The author is not a licensed therapist, social worker, doctor, lawyer, financial advisor, or career coach. The author is a barista who made a band on her couch. Please consume this book accordingly.
Acknowledgments
To Joanna, my older sister, who told me at 6:14 AM on a Tuesday in May not to post the confessional Instagram caption and who has been right approximately 96% of the time over the course of our 32-year siblinghood: this book exists because you are who you are. Thank you.
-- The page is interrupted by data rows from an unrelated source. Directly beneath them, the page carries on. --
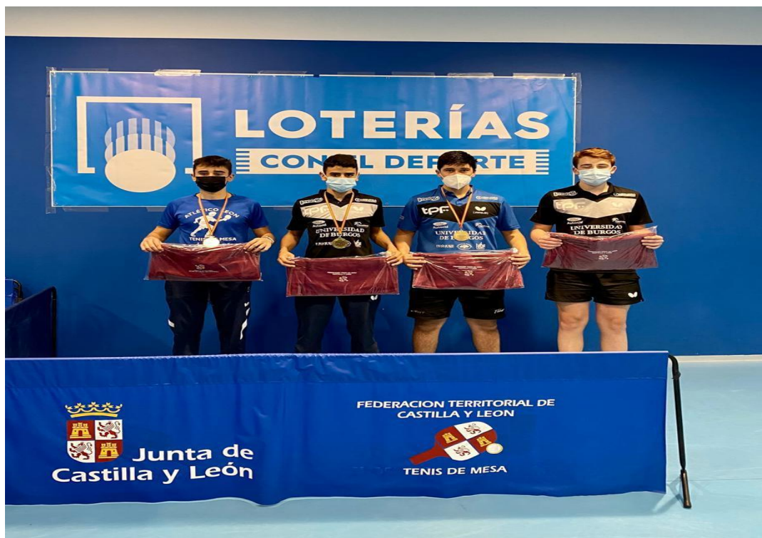
CUADRO HONOR JUVENIL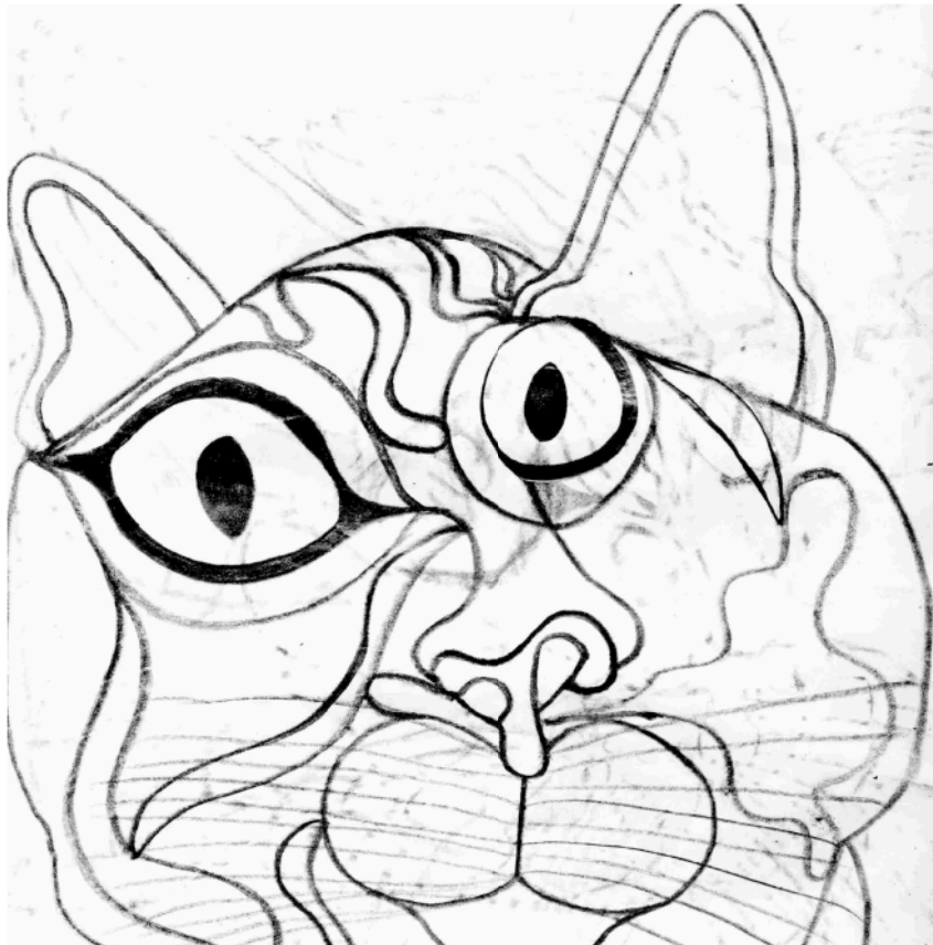
"Gatto" (particolare), disegno di Manuela Sagona, Atelier Blu Cammello Livorno

In collaborazione con le cantanti del Centro Diurno Urlapicchio di Follonica.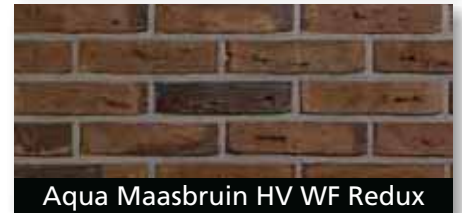
Aqua Maasbruin HV WF Redux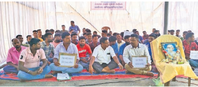
ହିଲୁକା ଏରିଆ ଅଫିସ ସମ୍ମୁଖରେ ଶତଗ୍ରହଣମାନେ ଧାରଣାରେ ବସିଛନ୍ତି।

କରାଯାଇଛି। ଏଥିପାଇଁ ଆଇନଶୁଖାଳୀ ପରିସ୍ଥିତି ଉପସ୍ଥିତ କେବଳ ଏମିତିକି କର୍ତ୍ତୃପକ୍ଷ ଦାୟୀ ରହିବ ବୋଲି ଆନ୍ଦୋଳନକାରୀମାନେ ପ୍ରକାଶ କରିଛନ୍ତି।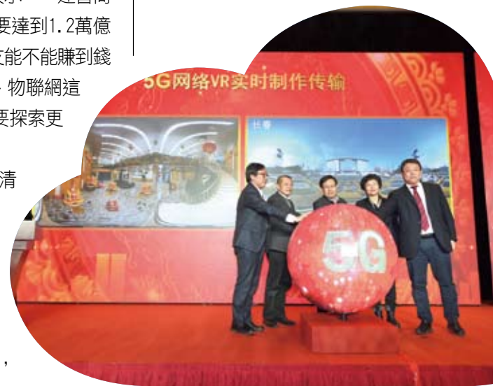
大陸央視聯合中國聯通、華為公司在吉林長春啟動5G網路VR即時製作傳輸測試。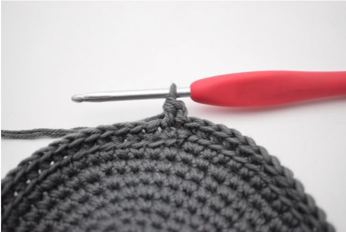
5. Haak 1 hstk.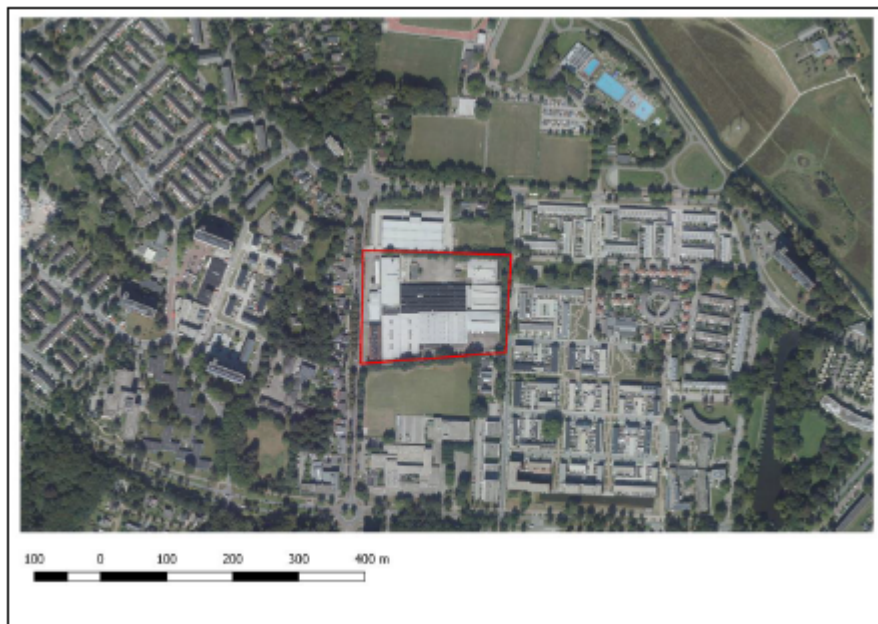
Luchtfoto met de ligging van het plangebied (rood omkaderd).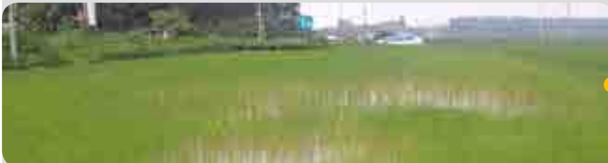
< 처리 28일 후 (7월 13일) >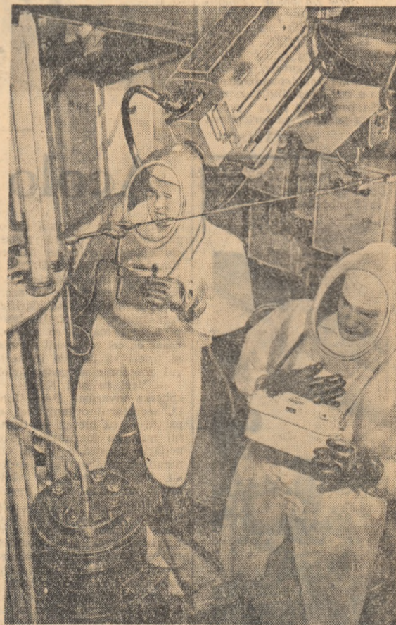
Doi tehnicieni dozimetriști în costume speciale, măsoră radiațiile dintr-una din încăperile spargătorului de gheață atomică.

To Idun in Trondheim, who is now 17 as of this book’s publication and who continues to email The Tuesday Saints once every few weeks: you are the reason this stopped being a joke and started being something I had to take seriously. I hope your last year of videregående skole is going okay. I hope you are still drawing. I hope your dad is still making the soup he was making in the email you sent in November. Tusen takk.
To Devon, the actual real human bass player who took $200 to learn four songs that did not, technically, have chord charts: you are a saint. Marcy’s Beer Hall would not have happened without you. I owe you a beer in perpetuity.
To Sasha at Marcy’s, who took a chance on a band that did not, in any technically verifiable sense, exist before you booked us: thank you for not asking too many questions during the load-in.
To the 87 people who showed up to a show on a Friday night in May to see a band that no music journalist had ever interviewed and that had, as of the day of the show, exactly one member with a confirmed legal name: I will never get over what you did for me that night. The cassettes are sold out because of you.
To Bartholomew, the cat, who is 11 and judgmental and who stayed on the windowsill through every chapter of this: the temperature in the apartment will be improved when the building’s super finally fixes the radiator, which I have escalated three times. Hold tight, buddy.
To the readers of the Front Seat Diaries series who picked this book up after reading the gig-driver one or the cancer-diary one or any of the others: thank you for making space for a comedy in this collection. The series is not, exclusively, about gravity. Some of us were just trying to get our ex-boyfriend’s new girlfriend’s bad hat out of our heads, and the AI happened to be there to help. The series is, in the end, about whatever working Americans actually did with AI in 2026. This is one of those things. It happens to be funny.